Faroud peered through the darkness, assaying their position. A large mountain range was silhouetted against the night sky less than a mile away. ‘This is not Fantoma, Cornelius,’ he whispered in Quaint’s ear. ‘Is that a good thing, or not?’
‘Probably not,’ said Quaint. ‘But all we can do is watch how this unfolds and make our move when we can.’
‘I’ve got to rendezvous with my contact,’ said Joyce to the mute Consortium assassins. ‘Get these two dogs off their mount and onto their knees where they can’t cause you any bother.’ With that, he whipped the reins and his cart rode off into the darkness.
Quaint and Faroud were pulled unceremoniously onto the hardened ground. The assassins drew their swords and towered over them.
‘Any ideas how we can get out of this?’ Faroud asked quietly.
‘I don’t exactly work at my best under pressure,’ Quaint replied.
‘What is Joyce waiting for? Why not just kill us now and be done with it?’
‘Don’t knock it, Aksak. Everything is working out just fine so far.’
‘You are still clinging to your plan?’
‘Absolutely!’ confirmed Quaint.
‘Our plan is sunk, my friend. Soon Joyce will return and we shall die on our knees…most undignified for an Aksak,’ Faroud said grimly.

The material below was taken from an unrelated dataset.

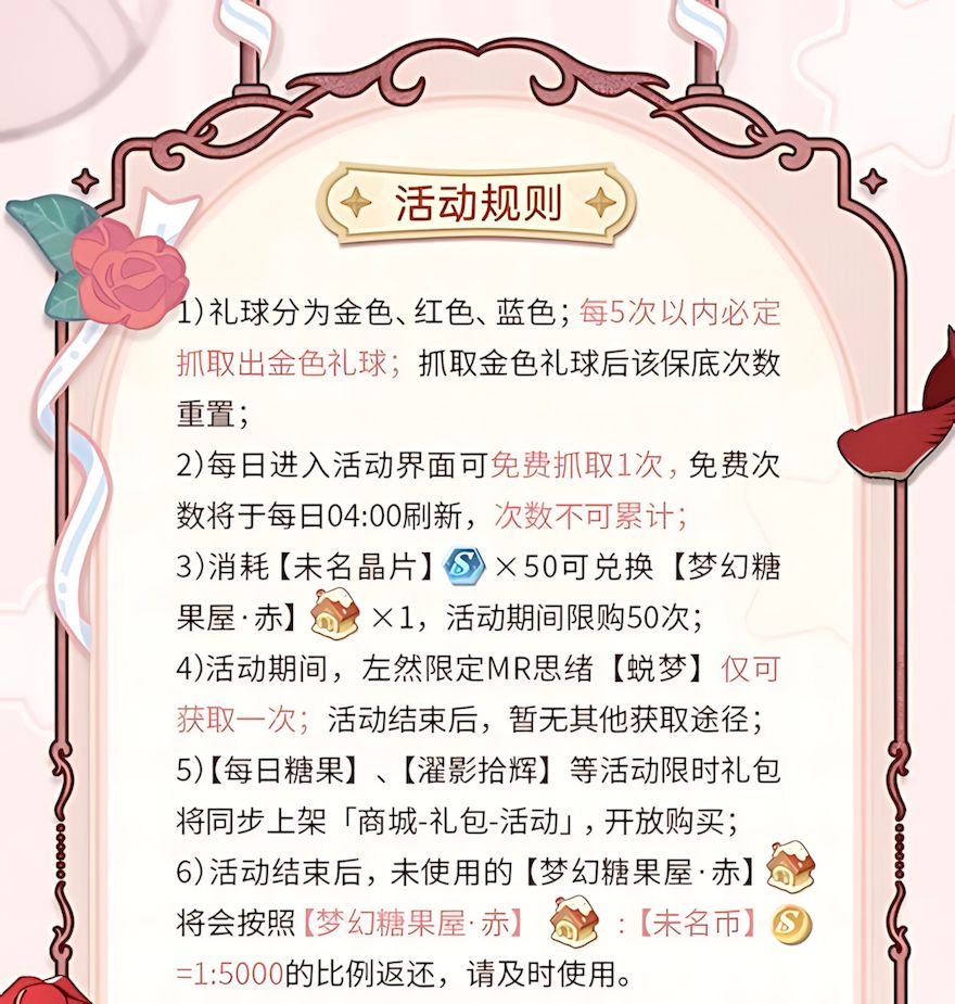 5、累計十個金色禮球可兌換左然限定MR思緒蛻夢且僅能獲取一次,活動結束后未使用道具按1比5000比例返還未名幣。

‘And for a Quaint,’ added the conjuror. ‘And speaking of the good Mr Joyce…’
Accompanied by a cloaking trail of dust, Joyce emerged from the pitch darkness. He was not alone – there was a single passenger bound and gagged in the rear of the cart. Quaint and Faroud tried to battle the darkness to identify the passenger, and the cart was feet away when Faroud’s heart rose. It was Rakmun. His brother’s face was bloodied and bruised, and his swollen lips tried to speak through the gag taut between his teeth, but it was nothing but an inaudible garble.